Prehospital Administration of Tranexamic Acid by Ground Forces in Afghanistan: The Prehospital Trauma Registry Experience is the only study from the TCCC perspective. This retrospective review from January 2013 to September 2014, there were 272 patients who met inclusion criteria. Most injuries (97.8%; n = 266) were battle injuries. Of the 111 patients who met criteria to receive prehospital TXA only 51 (18.8%) received TXA, the remaining 221 (81.2%) did not. There was a sub-analysis of four interventions, 1. Hemostatic dressing, 2. Pressure dressing, 3. Tourniquet and 4. IV fluids. Though the numbers were small, there was a significant difference in TXA administration versus not receiving TXA for casualties with hemostatic dressings, pressure dressings, and tourniquet placement. Oddly, the proportion of patients receiving IV fluids was higher among the non-TXA group.

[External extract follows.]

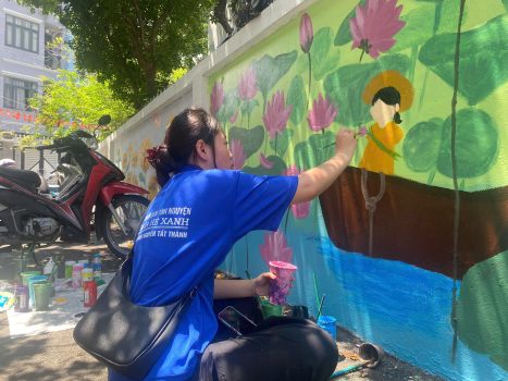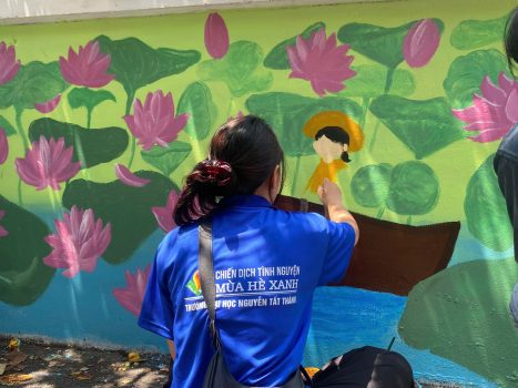 Một bức tranh hoàn thiện, một bức tranh khác lại được tô sắc. Trong chiến dịch Mùa hè xanh năm 2024, các bạn chiến sĩ tình nguyện đã chăm chỉ, thoả sức sáng tạo hô biến những mảng tường cũ thành những mảng tranh đầy sống động, khoác lên diện mạo mới, sức sống mới cho khuôn viên quận Bình Thạnh

The mechanism of TXA in the trauma has been debated.  A sub-analysis of the CRASH-2 trial suggested TXA’s impact is due to anti-fibrinolytic effects, whereas results from the MATTERs trial supported an anti-inflammatory effect mechanism.

There are physicians and scientists who believe TXA may not beneficial to everyone and in some cases, maybe harmful. This issue may have to do with certain types of gene expression and/or the injury pattern. Some studies recommend holding off on TXA administration until they arrive at the hospital and can conduct the proper lab work. As previously mentioned, giving TXA after three hours is harmful, there is no debate about that claim.

For now, TXA will remain a vital part of TCCC.  It may have contributed to saving lives in combat since its implementation. Many EMS agencies around the country have implemented similar protocols to TCCC. From a scientific standpoint, it is hopeful, that TXA is beneficial to most and not harmful.